Well, funny you should ask, jello salads were everywhere in the 1960s and went by several different names and came in many different flavors. Some of them even had vegetables in them… no, I’m not kidding.
But here’s where is gets really weird, it wasn’t even the vegetables that gave these desserts their name… it was from some people using salad dressing in their jello salad recipes. Wait, what? Yep, salad dressing… eek!
But luckily for you, I’m not brave enough to go throwing celery in a jello salad and I’m not crazy enough to ever use salad dressing either. So today’s recipe is a sweet one that’s perfect for hot summer days just like my Grape Jelly Icebox Cake!
I love that this Dr Pepper Jello Salad is so easy to make, it requires very little prep work and no baking which makes it a warm weather win in my book! The twenty-three flavors in Dr Pepper make this dessert an instant hit, add in some cherries, pineapple, and pecans for additional flavor and texture and we’re in business! You can also substitute Cherry Cola for the Dr Pepper in this recipe. I love topping it with Cool Whip or my Cream Cheese Whipped Cream.

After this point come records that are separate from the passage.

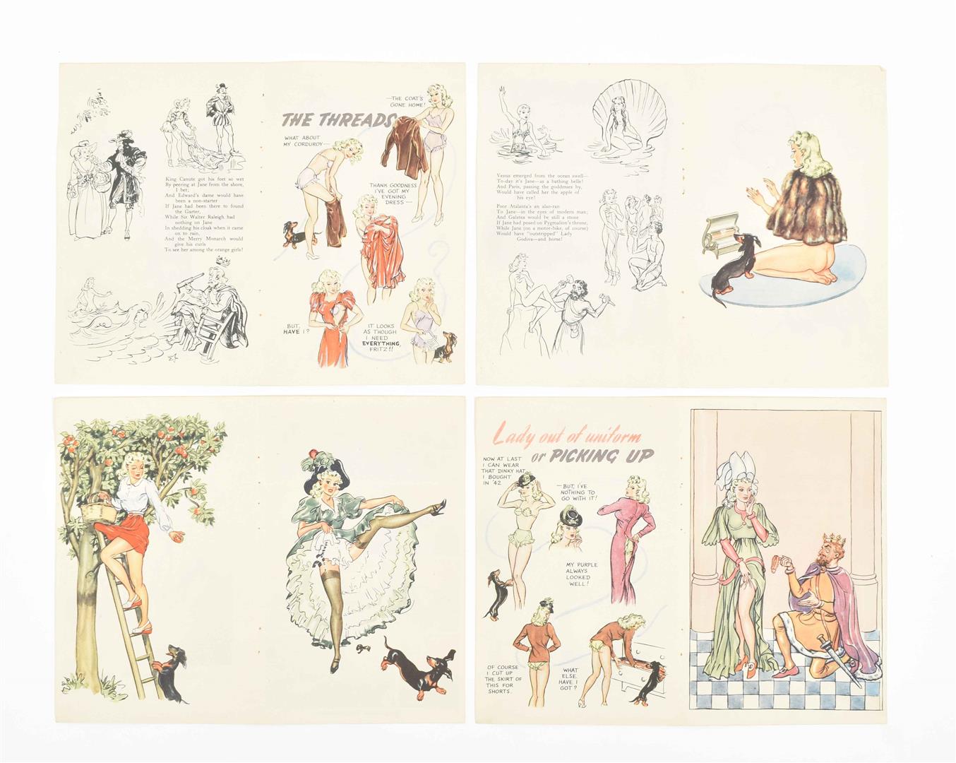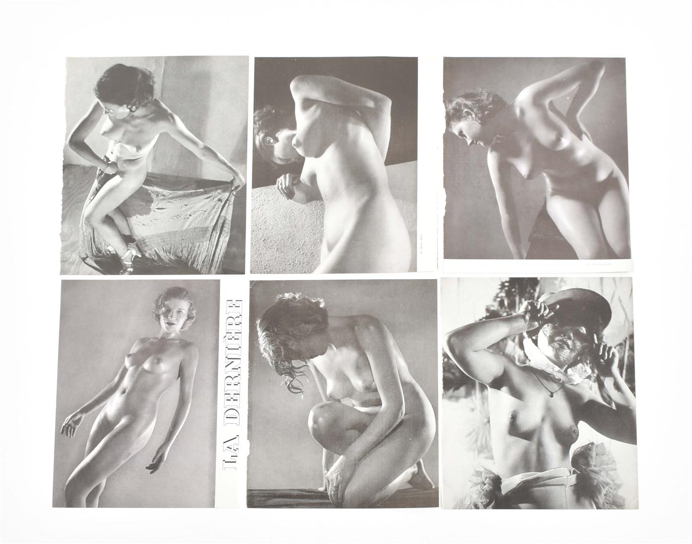 Taken from var. French magazines, 1920s-40s, all 4to. Some w. indication of the studio or photographer: Manassé (many), Paul Hamann, Studio 35, Braig, Henri Manuel, Moreau, Seidner, Denise Bellon, Paris-Sex-Appeal, Keystone, Jacques Lemare, Martin, Vizzavona, Binder, Granère, Claire, Ervé and S. Sasanof. -and 2 other binders containing loosely inserted erotic playing cards, cards by Éditions Esco Antwerp, bifolia taken from Jane's Journal by Pett (late 1940s, w. erotic photogr., ills. and comics) and plates after M. van Maele, a.o.
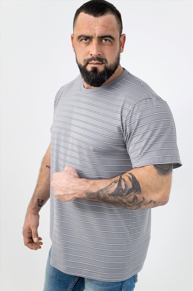 Преимущества: – трикотажная ткань с гладкой поверхностью; – прямой крой и круглый ворот; – актуальная полоска; – есть большие размеры. Серая футболка в полоску подходит для мужчин, ценящих удобство и простоту. Хлопковая основа и шелковистая структура трикотажа дарят комфорт и аккуратный внешний вид. Рост модели 186 см, параметры 120-96-106 см. На нем футболка 60 размера. Комментарии к товару
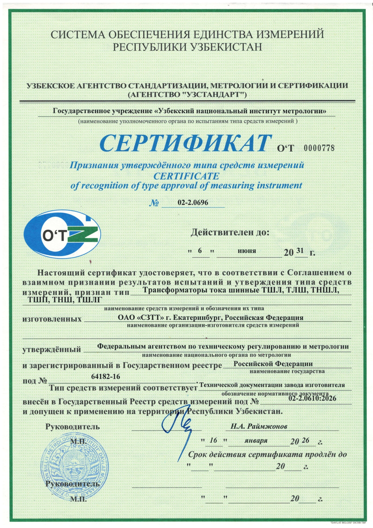 Номинальный первичный ток, А: 75—1250
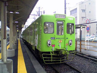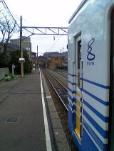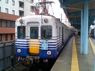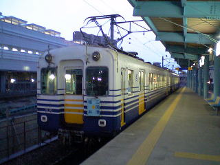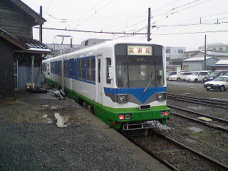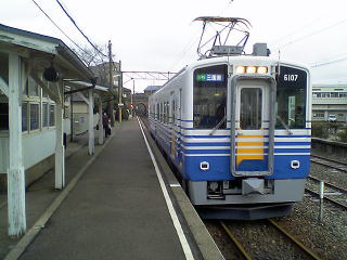 ホームで発車を待つ田原町行普通電車。元名古屋市交の600型だ。不満はあるものの、取り敢えずこれに乗って隣の西武生まで行くことにする。
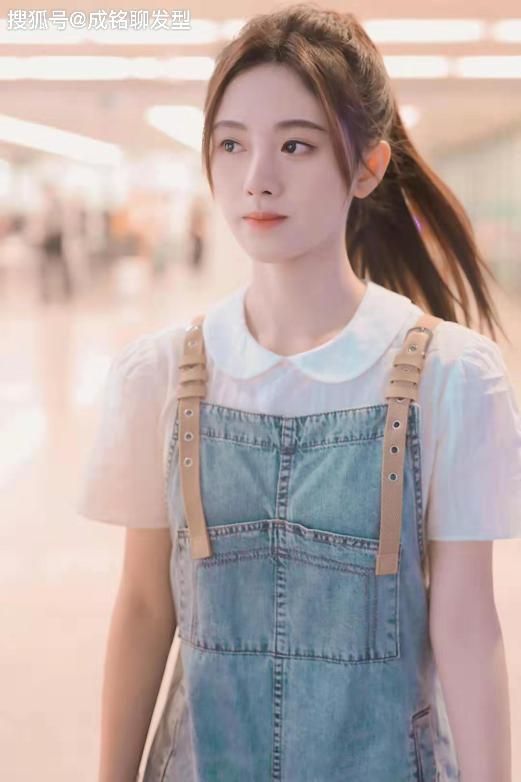 赵甜妮长发扎了起来,穿着牛仔背带裤,15岁的她也长高了,现在差不多有164。
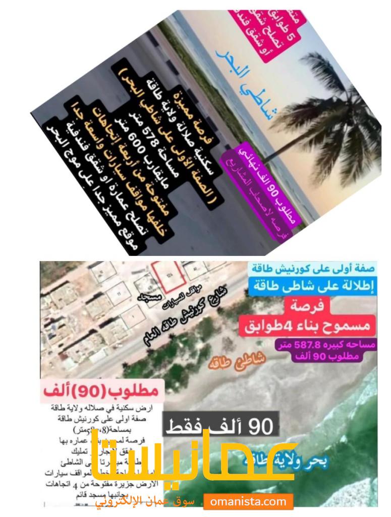 اول خط على شارع البحر ارض للبيع ولاية طاقة | سوق عُمانيستا 2026

A few key things to remember when making this recipe are:
- Time: Yes, this recipe is quick to prep, but the jello needs to set, so make sure to factor 4 to 5 hours into your plans for that.
- Pan: It’s important to use either a silicon or dark nonstick bundt pan, it can also be made in a square baking dish or sheet pan, but should not be made in a light metal flute pan.
- Grease: Even if using a nonstick pan, it’s important to grease the pan with cooking spray and to then use a paper towel to rub it all over the inside of the pan for good measure.
- 1 cup water
- 2 (3-ounce) boxes of Strawberry Jello
- 1¼ cup Dr Pepper
- 1 (10-ounce) jar sliced maraschino cherries + juice
- 1 (8-ounce) can crushed pineapple + juice
- 1 cup chopped pecans
- Bring water to a boil.
- Add jello to a large bowl and pour boiling water over it, stir until jello mixture dissolves and add in the Dr Pepper. The mixture will fizz up, so make sure to use a large bowl and do it over the sink just in case. Place in the fridge to cool for 30 minutes.
- Meanwhile, grease a nonstick bundt pan with cooking spray.
- Once the 30 minutes have passed, add the remaining ingredients to the jello mixture and then pour into the prepared pan. Let chill in the fridge for at least 4 hours.
- If making in a bundt pan or another pan where the jello salad will need to be flipped out, gently pull the jello away from the side of the pan with your fingers to help loosen it before flipping.